Sven, a planning analyst, is an experienced FME Form user starting to set up his workflows on FME Flow to maximize the FME Platform's capabilities.
He wants to migrate a workspace that he frequently runs to FME Flow. The workspace reads Parks data from a geodatabase and Neighborhoods data as KML. The Parks are clipped to the neighborhoods, styled for KML, and written as a separate file for each neighborhood using a feature type fanout. Additionally, an HTML summary report is generated for the Parks data. Sven often shares this workspace with other FME users in his department, so having it on FME Flow will be handy, allowing multiple users to access it.
Keyhole Markup Language (KML): a spatial data format stored in XML, as originally defined by Keyhole, Inc, and now used by Google Earth and specified as an international standard of the Open Geospatial Consortium.
For this exercise, follow along with Sven's steps as he publishes the workspace from FME Workbench to FME Flow.
Sven opens the starting workspace (C:\FMEData\Workspaces\DeployWorkflowsWithFMEFlow\publish-a-workspace-to-fme-flow.fmw) in FME Workbench (2025.0.1 or later).
Sven runs the workspace by clicking the Run button to confirm it functions as expected.
You may receive an Unexpected Input dialog.
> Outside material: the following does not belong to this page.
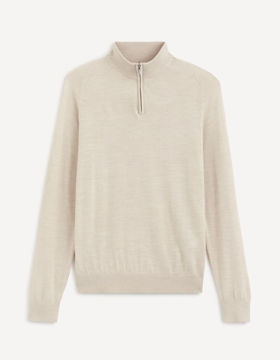 Pull col montant zippé laine merinos mélangée - ecru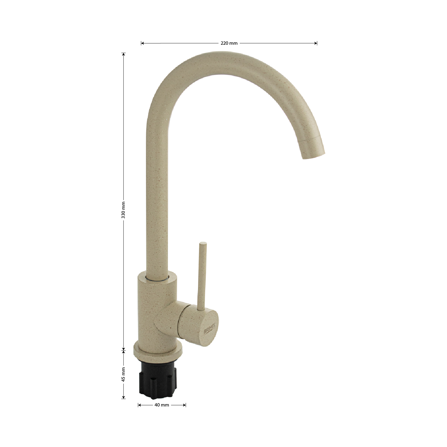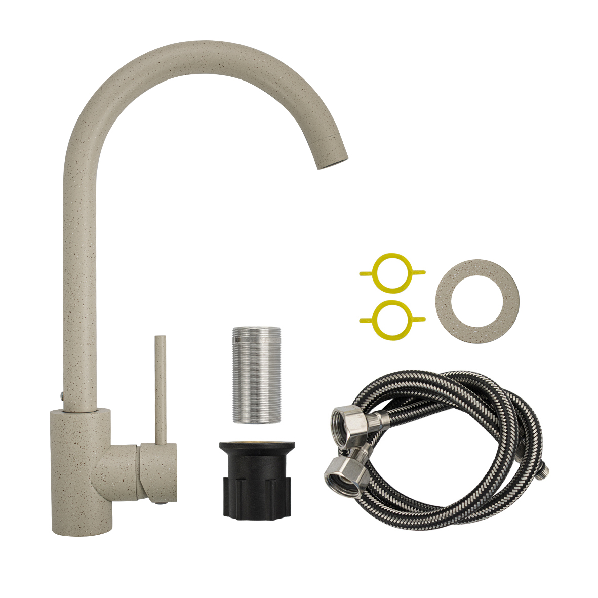Смеситель для кухонной мойки и раковин, литой матовый корпус, из нержавеющей стали марки 304, с высоким С-образным изливом, шаровый. Цвет светло-бежевая эмаль с вкраплениями. Крепление резьба - гайка, картридж d = 35 мм, ручка литая. Аэратор для экономии воды. Такая модель может использоваться на домашней кухне, на даче, в медицинских учреждениях и общественных местах. Габаритные размеры: высота 330 мм, длина 220 мм, диаметр посадочного седла 40 мм, длина резьбы 45 мм, длина подводки 450 мм. Вес - 1.37 кг, объём - 0.0055 м3. В комплекте паспорт, корпус с изливом, подводка 1/2, крепеж, набор прокладок.

You can ignore it and click OK; the translation will still complete successfully. For more information about this warning, see this blog post.
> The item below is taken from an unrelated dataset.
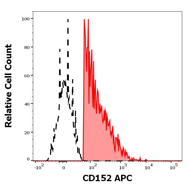 Separation of human CD152 positive CD3 positive lymphocytes (red-filled) from CD152 negative CD3 negative lymphocytes (black-dashed) in flow cytometry analysis (surface staining) of human peripheral whole blood stained using anti-human CD152 (BNI3) APC antibody (10 μl reagent / 100 μl of peripheral whole blood).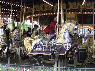 さすが騎士の国、メリーゴーランドの馬もすごい装備。

He checks the translation log to confirm that the data was written and the translation is successful.
The output KML Parks data is written to C:\FMEData\Output, and he opens the KML files in Google Earth.
Sven returns to FME Workbench. In the top toolbar, he confirms his FME Flow is connected and clicks Publish to begin the publishing process.
The publishing wizard's first part is selecting an FME Flow Connection. Sven's current connection is connected and ready to use, denoted by the green checkmark.
For the Repository Name, Sven clicks New... and creates a new Training repository to house his workspace.
Sven leaves the workspace name as the default. He could alter the name if he needed to.
Sven clicks next and registers the workspace with the Job Submitter service for now. Later, Sven will update the workspace and publish it again with the Data Download and Data Streaming services.
Sven clicks Publish to complete the publishing process.
Sven checks the translation log for any errors when publishing the workspace to FME Flow. Sven sees that publishing was successful and reviews the Publish Summary information.
Sven has successfully published his first workspace to FME Flow. Sven and his colleagues can now access and run this workspace on FME Flow, which he will do in the next lesson.